Abdelhack Mohamed, Tripathi Sandhya, Chen Yixin, Avidan Michael S, King Christopher R
Department of Anesthesiology, Washington University School of Medicine, St. Louis, MO, USA.
Krembil Centre for Neuroinformatics, Centre for Addiction and Mental Health, Toronto, ON, Canada.
BMC Public Health. 2024 Jul 16;24(1):1907. doi: 10.1186/s12889-024-19418-5.
Post-operative complications present a challenge to the healthcare system due to the high unpredictability of their incidence. Socioeconomic conditions have been established as social determinants of health. However, their contribution relating to postoperative complications is still unclear as it can be heterogeneous based on community, type of surgical services, and sex and gender. Uncovering these relations can enable improved public health policy to reduce such complications.

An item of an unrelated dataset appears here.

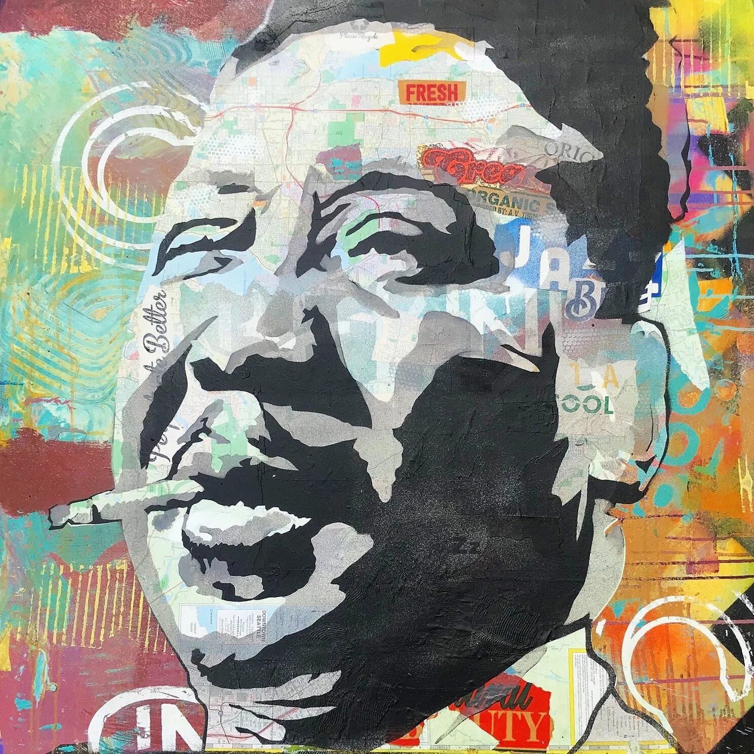 MLK Jr. (January 15, 1929 – April 4, 1968) MLK Jr. is a homage to the great Dr. Martin Luther King Jr. and his accomplishment as a leader in the civil rights movement. It holds a light to the freedom fighters of the past, present, and future. King reminds me everyday that it is important to dream of a bright future and talk with your neighbor to breathe life into making dreams reality. “Injustice anywhere is a threat to justice everywhere.” - MLK Jr. The background abstraction is created by collaging sentimental articles of found paper, such as, maps, sheet music and drawings created by my children. The articles allow me to reflect on my thoughts and experiences as a father and artist. The process of creating this painting has enlightened and helped educate my children about African American history.
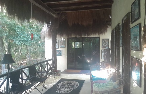 19 km from Tulum Pueblo and its beaches,19 km to Coba ruins.house is located 800 meters off the road . Property has a BBQ area and a hammock chillout area. This is jungle living, no city lights and sounds. Just the sounds of the jungle

In this study, we conducted a large population cross-sectional analysis of social vulnerability and the odds of various post-surgical complications. We collected electronic health records data from over 50,000 surgeries that happened between 2012 and 2018 at a quaternary health center in St. Louis, Missouri, United States and the corresponding zip code of the patients. We built statistical logistic regression models of postsurgical complications with the social vulnerability index of the tract consisting of the zip codes of the patient as the independent variable along with sex and race interaction.
Our sample from the St. Louis area exhibited high variance in social vulnerability with notable rapid increase in vulnerability from the south west to the north of the Mississippi river indicating high levels of inequality. Our sample had more females than males, and females had slightly higher social vulnerability index. Postoperative complication incidence ranged from 0.75% to 41% with lower incidence rate among females. We found that social vulnerability was associated with abnormal heart rhythm with socioeconomic status and housing status being the main association factors. We also found associations of the interaction of social vulnerability and female sex with an increase in odds of heart attack and surgical wound infection. Those associations disappeared when controlling for general health and comorbidities.
Our results indicate that social vulnerability measures such as socioeconomic status and housing conditions could affect postsurgical outcomes through preoperative health. This suggests that the domains of preventive medicine and public health should place social vulnerability as a priority to achieve better health outcomes of surgical interventions.
术后并发症的发生率具有高度不可预测性,这给医疗保健系统带来了挑战。社会经济状况已被确立为健康的社会决定因素。然而,它们与术后并发症的关系仍不明确,因为基于社区、手术服务类型以及性别,这种关系可能存在异质性。揭示这些关系有助于改进公共卫生政策以减少此类并发症。
在本研究中,我们对社会脆弱性与各种术后并发症的几率进行了大规模人群横断面分析。我们收集了2012年至2018年期间在美国密苏里州圣路易斯市一家四级医疗中心进行的50000多例手术的电子健康记录数据以及患者相应的邮政编码。我们构建了术后并发症的统计逻辑回归模型,将由患者邮政编码组成的区域的社会脆弱性指数作为自变量,并纳入性别和种族交互项。
我们来自圣路易斯地区的样本在社会脆弱性方面表现出高度差异,从密西西比河西南部到北部,脆弱性显著快速增加,表明存在高度不平等。我们的样本中女性多于男性,且女性的社会脆弱性指数略高。术后并发症发生率在0.75%至41%之间,女性的发生率较低。我们发现社会脆弱性与心律失常相关,社会经济地位和住房状况是主要关联因素。我们还发现社会脆弱性与女性性别之间的交互作用与心脏病发作和手术伤口感染几率的增加有关。在控制一般健康状况和合并症后,这些关联消失。
我们的结果表明,社会经济地位和住房条件等社会脆弱性指标可能通过术前健康状况影响术后结果。这表明预防医学和公共卫生领域应将社会脆弱性作为优先事项,以实现手术干预更好的健康结果。